Strength and heat generation of concrete using carbide lime and fly ash as a new cementitious material without Portland cement

Abstract

The aim of this paper is to investigate mechanical properties and heat generation of concrete produced with a carbide lime (CL) and fly ash (FA) mixture as a new cementitious material without Portland cement. Two techniques were used to improve the strength of concrete: adding of NaOH into the new binder (1% by weight) and increasing the fineness of new binder. Microstructural mechanism in term of SEM microscopy, EDX analysis, and XRD patterns of CL-FA pastes were examined. The following properties of cement-free concrete were also examined: heat generation, compressive strength, elastic modulus, and splitting tensile strength. The results of microstructural revealed that the products of binder made from CL and FA were C-S-H and C-A-S-H phase types and the formations of C-S-H and/or C-A-S-H were attributed to components of Al, Si, and Ca.

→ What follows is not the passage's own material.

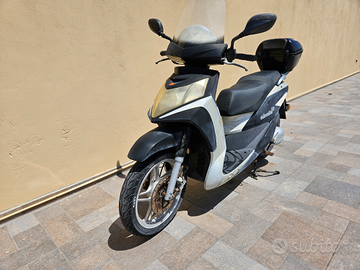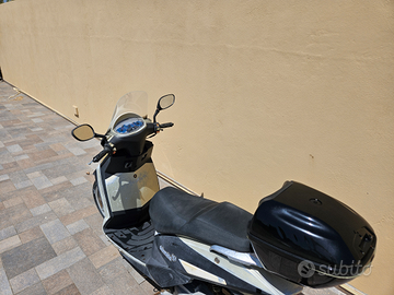 Lo scooter 151 di cilindrata, può andare in autostrada e si guida con patente A. E' datato con segni di usura sulla verniciatura (acquistato settembre 2010) ma funzionante, mai incidentato, km 3854, gomme ancora in buone condizioni, ha la revisione in scadenza al 31/07/25. Per metterlo in moto ha sia la pedivella di accensione che l'accensione elettronica con pulsante starter (va sostituita la batteria), due cavalletti (centrale e laterale quest'ultimo se inserito, non fa partire il motore per questioni di sicurezza), ha in dotazione un bauletto ed un piccolo porta oggetti sotto il manubrio, non ha spazio sotto la sella. In generale lo scooter anche se datato funziona bene, necessia solo di revisione e un tagliando.

The results also showed that the peak temperature rise of concrete made from CL and FA could be reduced by 30–36 °C from that of the OPC concrete. Regarding the mechanical properties of concrete, the technique of improving strength by increasing the fineness of new cementing material was the best method and could produce the 28-day compressive strength of 55.0 MPa. CL-FA concrete had elastic modulus and tensile strength similar to those of OPC concrete. Furthermore, the techniques to improve the strength of concrete had no significant effect on the elastic modulus and tensile strength of concrete since those properties were related to the compressive strength of concrete. Moreover, the concrete had a very low heat generation as compared to the OPC concrete.